» Material for this exercise:
────────────────────────────────────────
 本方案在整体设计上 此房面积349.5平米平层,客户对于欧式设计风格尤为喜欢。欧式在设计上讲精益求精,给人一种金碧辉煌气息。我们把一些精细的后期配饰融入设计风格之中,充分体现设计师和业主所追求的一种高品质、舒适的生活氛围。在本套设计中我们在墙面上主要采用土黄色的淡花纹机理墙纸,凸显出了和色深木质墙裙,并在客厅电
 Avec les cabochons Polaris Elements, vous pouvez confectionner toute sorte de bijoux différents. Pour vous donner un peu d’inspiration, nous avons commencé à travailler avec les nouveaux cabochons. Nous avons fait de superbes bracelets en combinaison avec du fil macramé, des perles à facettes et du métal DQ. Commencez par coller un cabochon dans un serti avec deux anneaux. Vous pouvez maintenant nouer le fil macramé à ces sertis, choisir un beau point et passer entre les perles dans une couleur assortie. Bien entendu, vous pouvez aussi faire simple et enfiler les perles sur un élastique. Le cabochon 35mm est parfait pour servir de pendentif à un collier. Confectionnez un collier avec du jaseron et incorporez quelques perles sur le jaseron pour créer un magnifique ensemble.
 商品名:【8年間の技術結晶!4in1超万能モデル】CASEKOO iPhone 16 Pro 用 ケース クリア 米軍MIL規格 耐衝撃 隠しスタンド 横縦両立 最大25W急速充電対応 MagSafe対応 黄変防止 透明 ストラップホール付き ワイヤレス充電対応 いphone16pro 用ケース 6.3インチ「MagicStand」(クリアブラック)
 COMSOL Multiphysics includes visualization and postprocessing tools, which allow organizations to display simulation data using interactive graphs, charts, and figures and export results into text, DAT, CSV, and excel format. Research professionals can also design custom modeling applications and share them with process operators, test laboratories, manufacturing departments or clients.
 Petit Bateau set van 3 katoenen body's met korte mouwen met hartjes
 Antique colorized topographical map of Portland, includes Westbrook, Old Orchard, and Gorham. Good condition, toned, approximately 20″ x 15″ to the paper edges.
────────────────────────────────────────
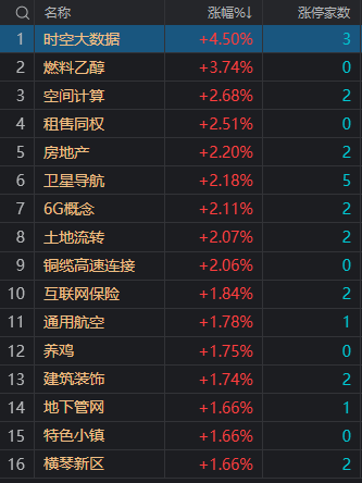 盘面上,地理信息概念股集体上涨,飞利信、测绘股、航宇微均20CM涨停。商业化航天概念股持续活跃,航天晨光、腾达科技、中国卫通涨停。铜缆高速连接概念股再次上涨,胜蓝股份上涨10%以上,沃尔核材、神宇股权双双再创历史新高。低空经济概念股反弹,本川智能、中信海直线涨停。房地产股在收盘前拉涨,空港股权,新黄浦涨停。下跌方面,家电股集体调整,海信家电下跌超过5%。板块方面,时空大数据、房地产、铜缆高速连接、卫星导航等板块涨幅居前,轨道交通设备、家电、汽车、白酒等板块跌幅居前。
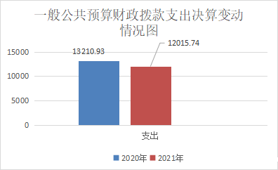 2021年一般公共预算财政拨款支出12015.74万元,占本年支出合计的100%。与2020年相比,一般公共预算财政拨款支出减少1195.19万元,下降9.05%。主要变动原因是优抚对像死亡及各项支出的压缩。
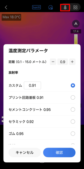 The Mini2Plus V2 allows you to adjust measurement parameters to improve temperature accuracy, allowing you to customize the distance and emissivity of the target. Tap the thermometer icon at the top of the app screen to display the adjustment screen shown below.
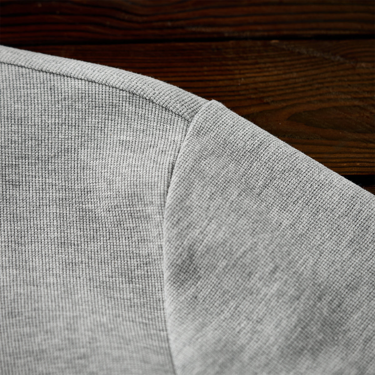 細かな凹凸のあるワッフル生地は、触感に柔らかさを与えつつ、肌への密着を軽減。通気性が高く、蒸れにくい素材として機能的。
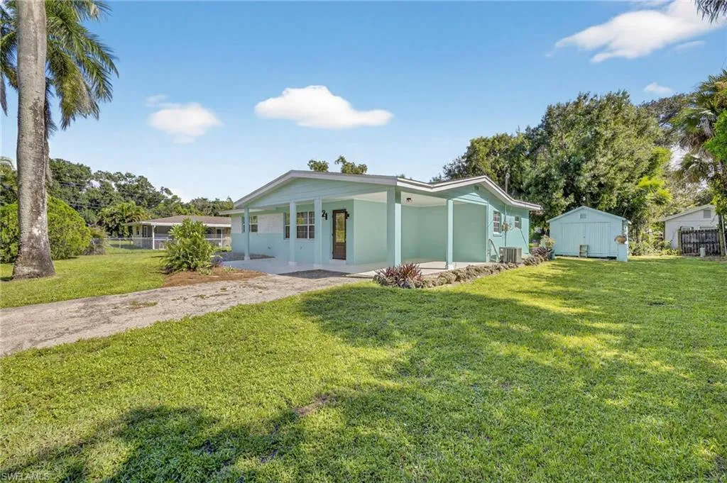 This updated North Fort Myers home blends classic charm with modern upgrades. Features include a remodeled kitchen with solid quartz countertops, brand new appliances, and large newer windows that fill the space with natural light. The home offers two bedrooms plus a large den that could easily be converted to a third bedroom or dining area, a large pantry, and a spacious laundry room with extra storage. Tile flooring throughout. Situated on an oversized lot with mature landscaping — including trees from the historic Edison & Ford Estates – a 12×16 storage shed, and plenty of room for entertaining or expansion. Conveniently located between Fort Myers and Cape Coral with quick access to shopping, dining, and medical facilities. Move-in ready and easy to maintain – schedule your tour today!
────────────────────────────────────────
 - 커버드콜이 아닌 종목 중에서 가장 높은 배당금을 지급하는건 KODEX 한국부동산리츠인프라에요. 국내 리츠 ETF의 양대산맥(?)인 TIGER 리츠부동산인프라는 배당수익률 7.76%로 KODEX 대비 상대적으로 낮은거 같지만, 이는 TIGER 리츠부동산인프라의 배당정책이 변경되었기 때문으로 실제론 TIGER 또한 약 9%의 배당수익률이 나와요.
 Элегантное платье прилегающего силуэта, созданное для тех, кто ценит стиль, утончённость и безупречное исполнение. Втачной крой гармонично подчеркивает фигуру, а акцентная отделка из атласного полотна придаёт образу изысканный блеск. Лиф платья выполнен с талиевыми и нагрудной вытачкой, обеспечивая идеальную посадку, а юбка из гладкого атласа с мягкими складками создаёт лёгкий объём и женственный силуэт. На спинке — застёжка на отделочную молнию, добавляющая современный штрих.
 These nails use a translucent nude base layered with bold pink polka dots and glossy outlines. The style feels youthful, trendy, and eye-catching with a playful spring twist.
────────────────────────────────────────
» Brief: Using the entries above, write out exactly the lines from the one with "盘面上,地理信息概念股集体上" through the one with "2021年一般公共预算财政拨", ends included. Leave out any pictures.

» Output:
 盘面上,地理信息概念股集体上涨,飞利信、测绘股、航宇微均20CM涨停。商业化航天概念股持续活跃,航天晨光、腾达科技、中国卫通涨停。铜缆高速连接概念股再次上涨,胜蓝股份上涨10%以上,沃尔核材、神宇股权双双再创历史新高。低空经济概念股反弹,本川智能、中信海直线涨停。房地产股在收盘前拉涨,空港股权,新黄浦涨停。下跌方面,家电股集体调整,海信家电下跌超过5%。板块方面,时空大数据、房地产、铜缆高速连接、卫星导航等板块涨幅居前,轨道交通设备、家电、汽车、白酒等板块跌幅居前。
 2021年一般公共预算财政拨款支出12015.74万元,占本年支出合计的100%。与2020年相比,一般公共预算财政拨款支出减少1195.19万元,下降9.05%。主要变动原因是优抚对像死亡及各项支出的压缩。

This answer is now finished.